----- DATA BELOW -----

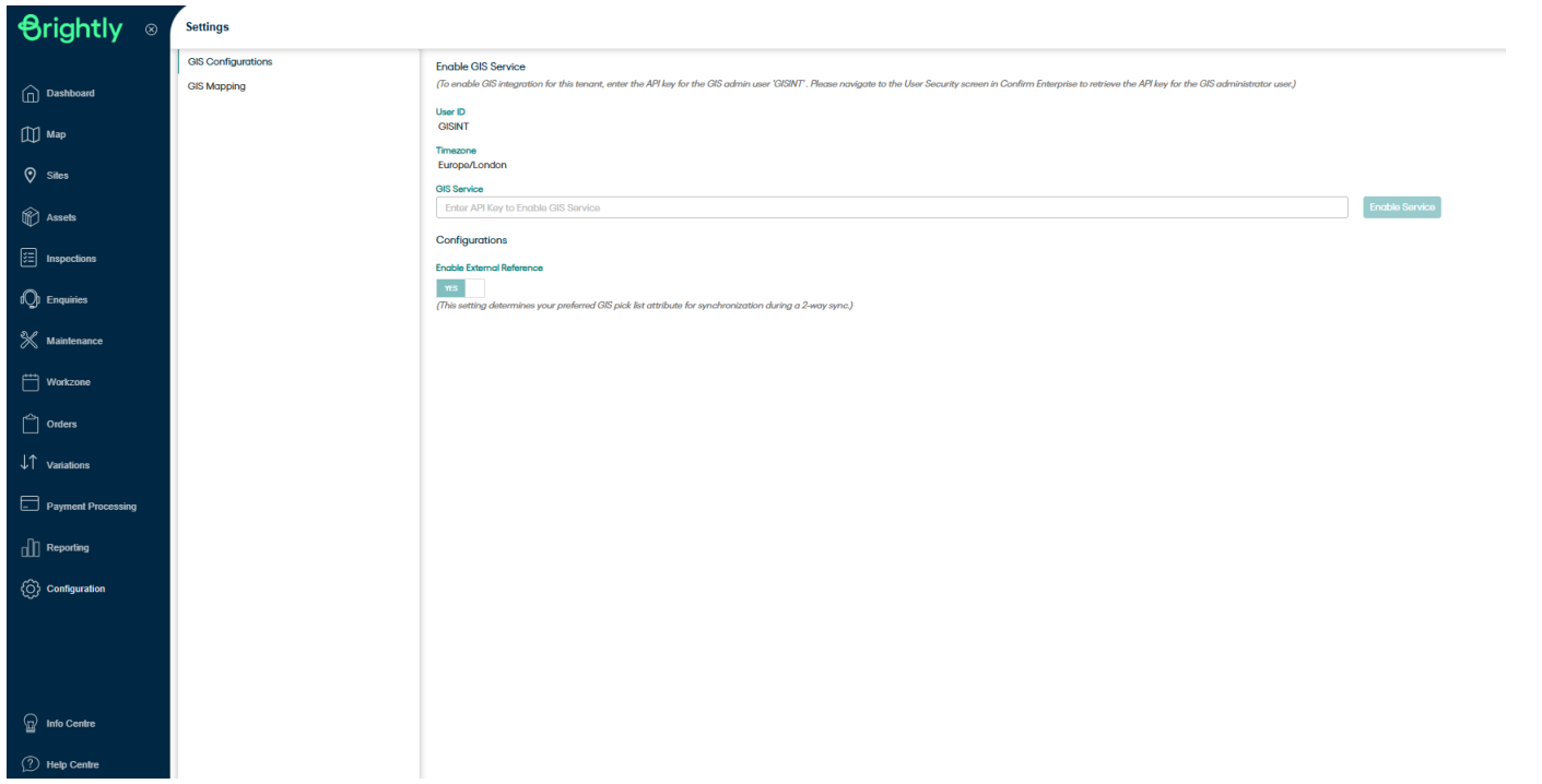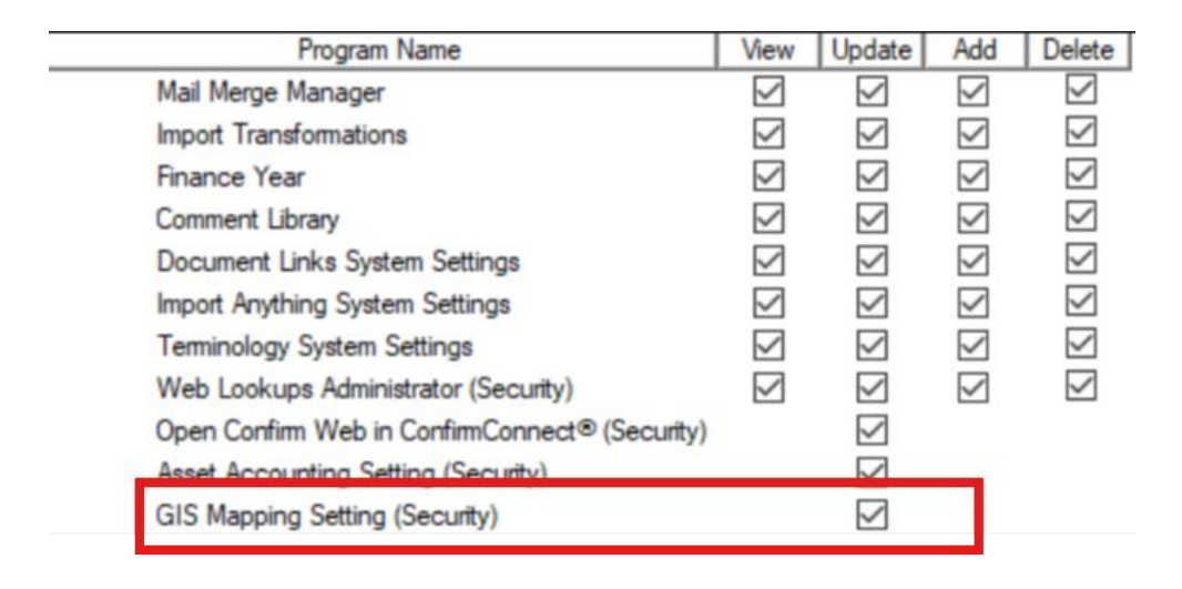 Once the tenant is enabled for GIS integration, the user needs to enable the security setting (GIS Mapping setting under Confirm User Security screen >> System Administration >> System configuration) to access the GIS mapping screen in Confirm Web interface.
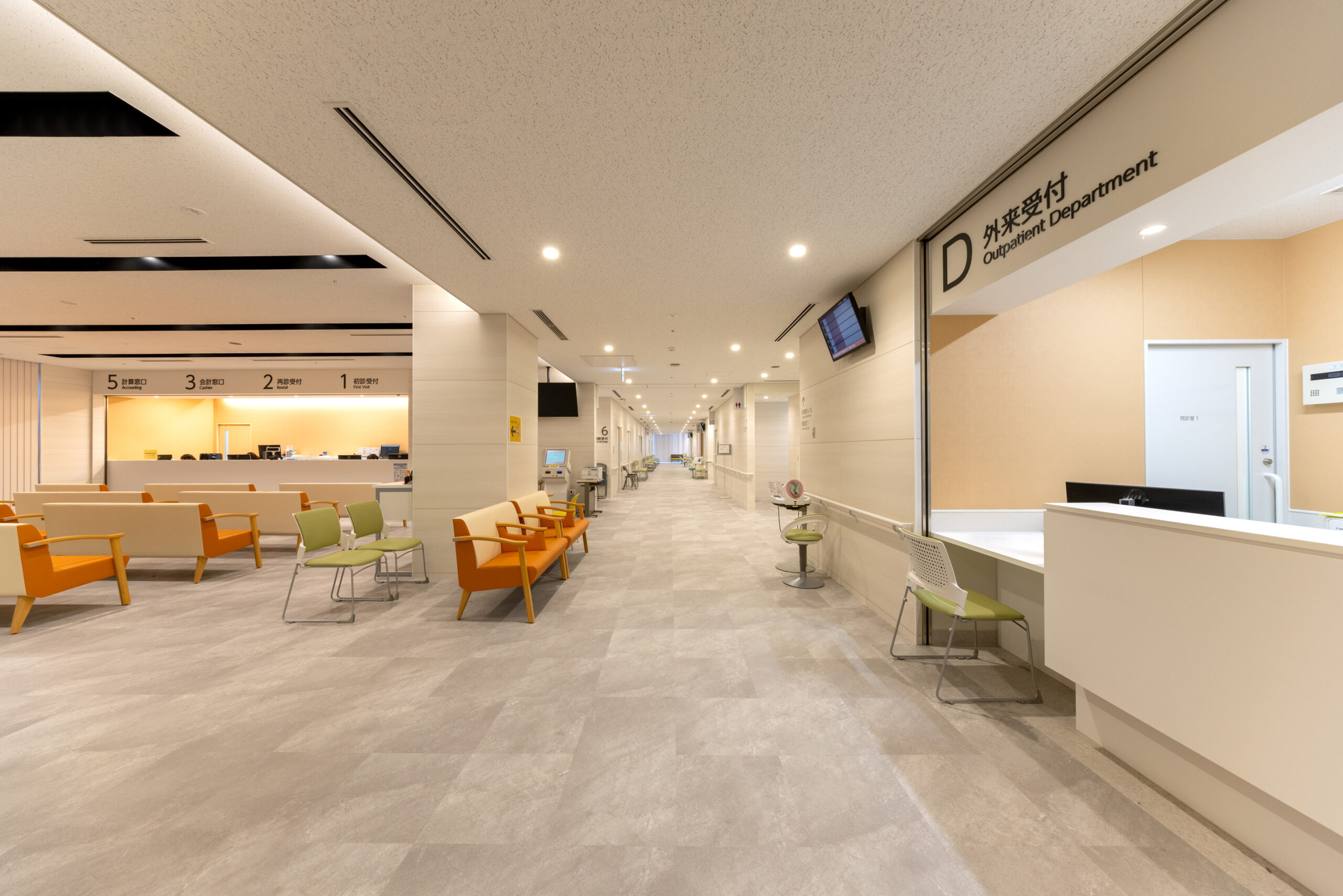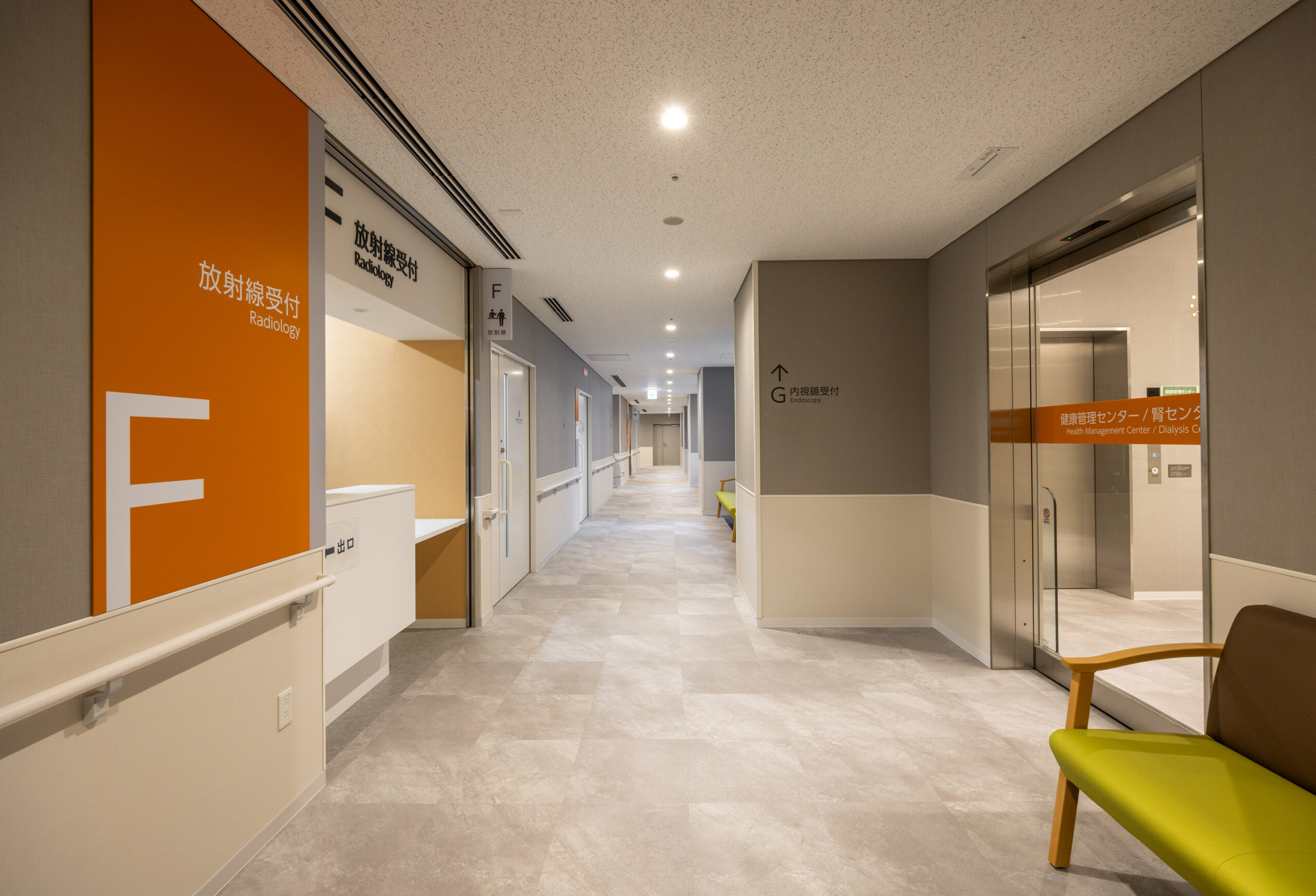 病棟を配置する敷地西側を高層化し良質な療養環境を整備すると共に、住宅地に面する敷地東側を低層とし周辺住環境に配慮しました。各階は、1階に外来・診療機能を集約配置、2階には一般来院者と動線分離した健診センターや透析センターを配置する等、明快な階構成とし、来院者とスタッフ双方に利便性の高い施設を実現しました。敷地内の高低差を利用して地階にスタッフ・サービス出入口を整備し来院者との動線分離を図る等、敷地条件や特性を最大限に活かした計画としています。
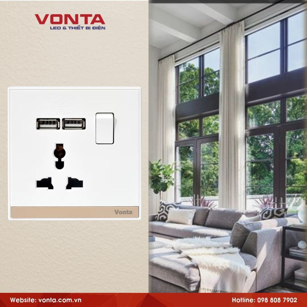 Dòng sản phẩm Công tắc ổ cắm VONTA Series WH768 hoàn toàn mới với thiết kế thanh lịch, đường nét tinh tế sắc nét, tích hợp linh hoạt kết hợp giữa công tắc điện + ổ cắm điện đa năng + 2 ổ cắm USB. Sự tích hợp thông minh này không chỉ tối ưu hóa không gian mà còn mang lại sự tiện dụng tối đa cho người dùng. Phù hợp với mọi thiết kế nội thất, từ phong cách hiện đại đến truyền thống, WH768-13M-2USB đáp ứng đa dạng nhu cầu sử dụng điện trong cuộc sống hàng ngày.
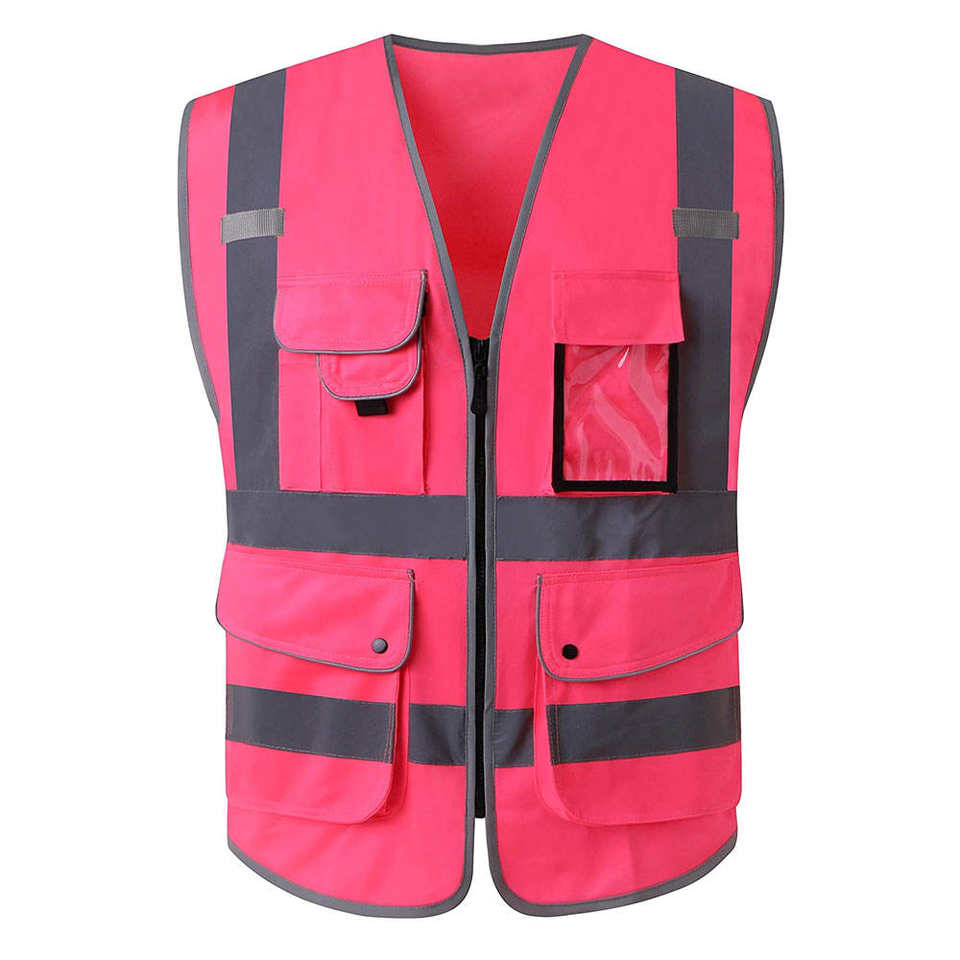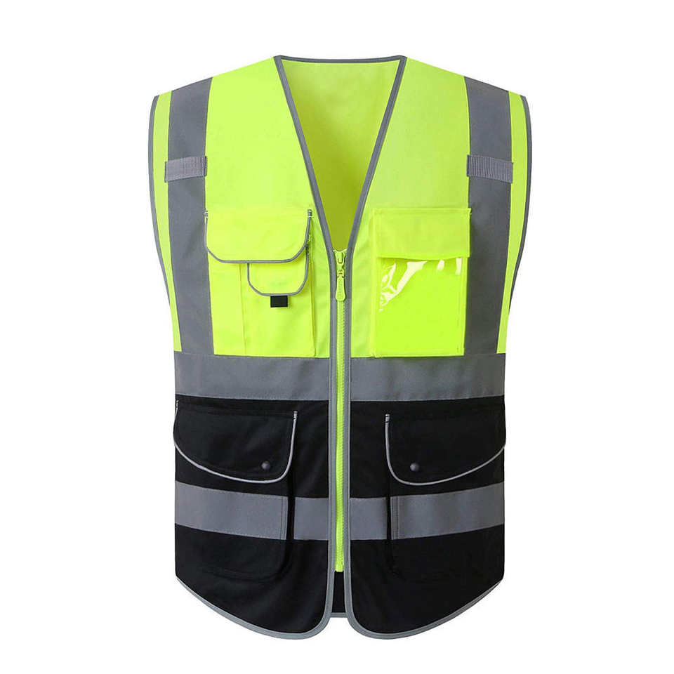 เสื้อกั๊กนิรภัยสะท้อนแสงมองเห็นได้ชัดเจน20471มาตรฐาน Ansi Class 2 EN ISO พร้อมกระเป๋าแบรนด์ที่กำหนดเอง

-----

The job is to return the listing above exactly, minus its pictures.

 Once the tenant is enabled for GIS integration, the user needs to enable the security setting (GIS Mapping setting under Confirm User Security screen >> System Administration >> System configuration) to access the GIS mapping screen in Confirm Web interface.
 病棟を配置する敷地西側を高層化し良質な療養環境を整備すると共に、住宅地に面する敷地東側を低層とし周辺住環境に配慮しました。各階は、1階に外来・診療機能を集約配置、2階には一般来院者と動線分離した健診センターや透析センターを配置する等、明快な階構成とし、来院者とスタッフ双方に利便性の高い施設を実現しました。敷地内の高低差を利用して地階にスタッフ・サービス出入口を整備し来院者との動線分離を図る等、敷地条件や特性を最大限に活かした計画としています。
 Dòng sản phẩm Công tắc ổ cắm VONTA Series WH768 hoàn toàn mới với thiết kế thanh lịch, đường nét tinh tế sắc nét, tích hợp linh hoạt kết hợp giữa công tắc điện + ổ cắm điện đa năng + 2 ổ cắm USB. Sự tích hợp thông minh này không chỉ tối ưu hóa không gian mà còn mang lại sự tiện dụng tối đa cho người dùng. Phù hợp với mọi thiết kế nội thất, từ phong cách hiện đại đến truyền thống, WH768-13M-2USB đáp ứng đa dạng nhu cầu sử dụng điện trong cuộc sống hàng ngày.
 เสื้อกั๊กนิรภัยสะท้อนแสงมองเห็นได้ชัดเจน20471มาตรฐาน Ansi Class 2 EN ISO พร้อมกระเป๋าแบรนด์ที่กำหนดเอง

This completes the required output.